209 Background: Several hepatocellular carcinoma (HCC) staging systems are currently available. However, they were all developed before the targeted therapy era prevailed in the last decade which has changed the natural history of the disease. Our study goal was to test the performance of different HCC staging systems in patients with HCC who were treated at our institution during the last decade. Methods: We prospectively enrolled 438 patients from early 2000 to late 2009. Baseline clinicopathologic parameters and staging were available, including the TNM, Cancer of the Liver Italian Program (CLIP), Barcelona Clinic Liver Cancer (BCLC), Okuda, and Chinese University Prognostic Index (CUPI). We performed survival and cox-regression analyses, and compared the staging systems’ predictive ability using Harrell's C-index.
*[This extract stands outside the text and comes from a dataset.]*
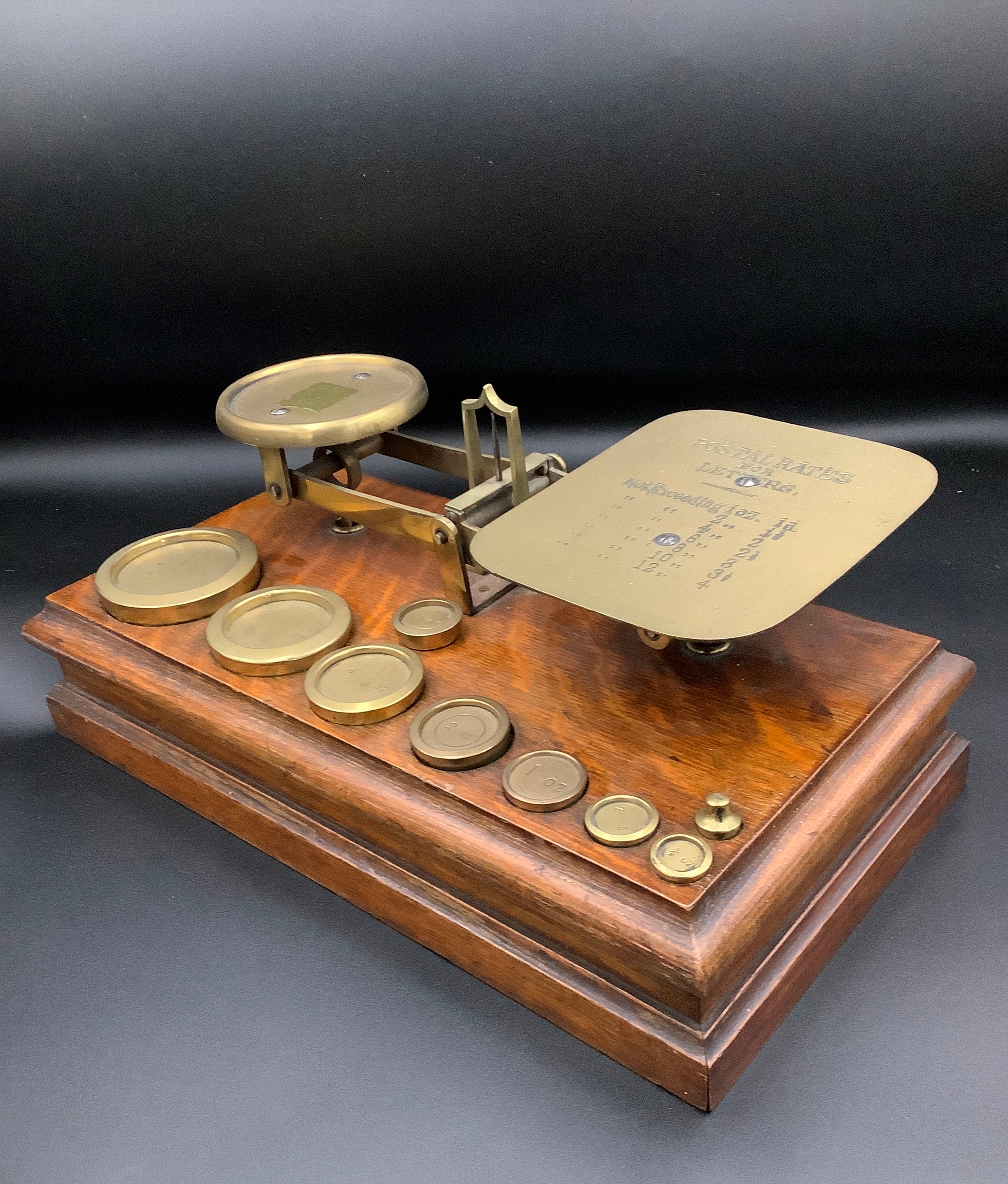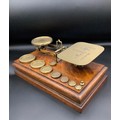 A LATE VICTORIAN SET OF OAK AND BRASS POSTAL SCALES and eight weights (some associated)

Finally, we performed a subgroup analysis of 3 independent cohorts based on whether or not they received sorafenib, whether or not they had hepatitis, and whether or not they had cirrhosis. Results: The overall survival was 13.9 months. Overall, CLIP score was the most predictive staging system with a C-index of 0.71. 187 patients were treated with targeted therapies and 138 were treated with sorafenib after it was approved in 2007. CLIP score was the most predictive staging system with a C-index of 0.71 in the no sorafenib group, and 0.74 in the sorafenib group. In hepatitis patients, CLIP topped amongst all staging systems with a C-index of 0.75, and in patients without hepatitis, despite all staging systems having a poor predictive ability, CLIP score still had the highest C-index of 0.67. Similarly, CLIP score had the best predictive ability in patients with and without pre-existing liver cirrhosis, with C-indices of 0.73 and 0.68 respectively. There was no statistically significant interaction between CLIP score and hepatitis status, and CLIP score and liver cirrhosis. Thus, overall the CLIP score was the best predictive system in all cohorts. Conclusions: Our results suggest that the CLIP score has the highest stratification ability in our advanced HCC patient population, including several subgroups. Our study confirms the utility of the CLIP score to stratify advanced HCC patients in clinical trials.